Frontier models have essentially saturated academic reasoning benchmarks. A 0.2-percentage-point difference on GPQA Diamond is noise, not signal.

Where Opus 4.7 Trails {#weak-benchmarks}

On web research tasks, Opus 4.7 falls behind its main competitors:

Benchmark	Opus 4.7	GPT-5.4	Gemini 3.1 Pro
BrowseComp	79.3%	89.3%	85.9%

A ~10-point gap on BrowseComp is meaningful if your workflows depend on deep web research, competitive monitoring, or information retrieval from live sources. For those use cases, GPT-5.4 currently holds a real advantage.

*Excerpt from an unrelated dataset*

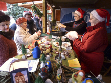 Im Schatten des Weltkulturerbes Marienburg boten Händler an 22 Ständen zum zweiten Mal Filzwaren, Weihnachtsschmuck und regionale Spezialitäten an. Mit dabei waren auf Einladung der Burgverwaltung auch die beiden deutschen Partnerstädte von Malbork. Am Monheimer Stand trafen die interessierten Besucher unter anderem auf Bürgermeister Daniel Zimmermann. „Während der Stand von Nordhorn vor allem Glühwein im Angebot hatte, gab es bei uns Printen, Spekulatius und frischgebackene Zimt-Muzen“, berichtete Zimmermann. Der Verwaltungschef wurde begleitet von Margret Jenniches, der Vorsitzenden des Freundeskreises Malbork, Ursula Niebuhr, der städtischen Koordinatorin für die Partnerschaft mit Malbork und Leiterin des Programmbereichs Sprachen der Volkshochschule, sowie von Beate Hellingrath, der Leiterin des Vorstandsbüros.

The Unreported Regression {#regression-benchmark}

Here's the number that doesn't appear in Anthropic's launch announcement: the Thematic Generalization Benchmark dropped to 72.8% in Opus 4.7, down from 80.6% in Opus 4.6. This measures general language understanding and knowledge transfer — the "general intelligence" dimension that correlates with quality on creative writing, analytical work, and open-ended reasoning.

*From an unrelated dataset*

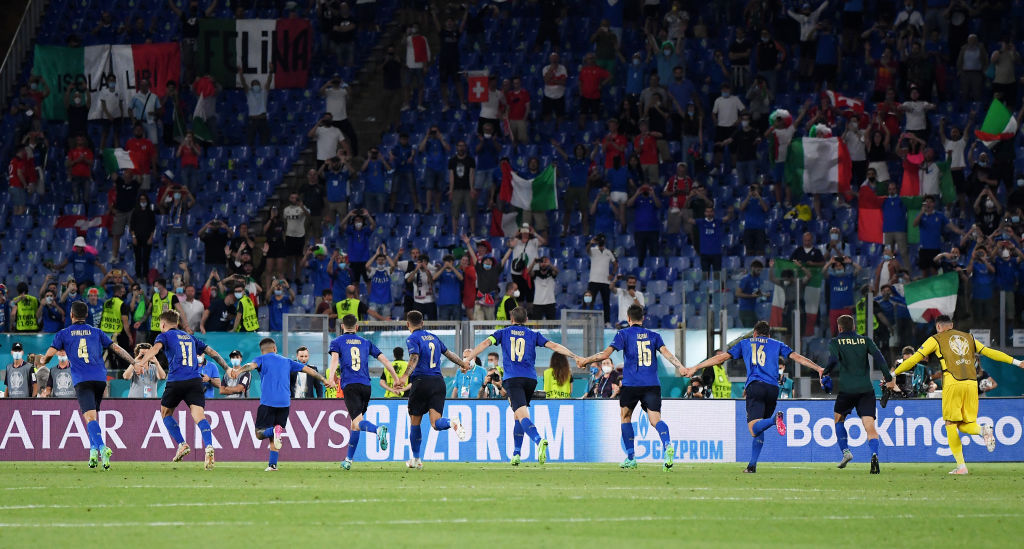 احتفل المنتخب الإيطالي بتأهله إلى دور ثمن النهائي، مع الجماهير الحاضرة في ملعب أولمبيكو بالعاصمة روما، في مشهد، لم نعشه كثيرًا منذ ظهور فيروس كورونا الصيني.

This isn't just a fringe metric. It gives quantitative backing to what many users are reporting anecdotally. The pattern suggests Opus 4.7 may have been optimized specifically for software engineering at some cost to general-purpose language capabilities — a trade-off worth understanding before committing to a migration.

The Hidden Cost Problem: "Unchanged Pricing" Is Misleading {#pricing}

Anthropic's pricing page shows Opus 4.7 at $5 per million input tokens / $25 per million output tokens — identical to Opus 4.6. This is technically accurate. It is not the full story.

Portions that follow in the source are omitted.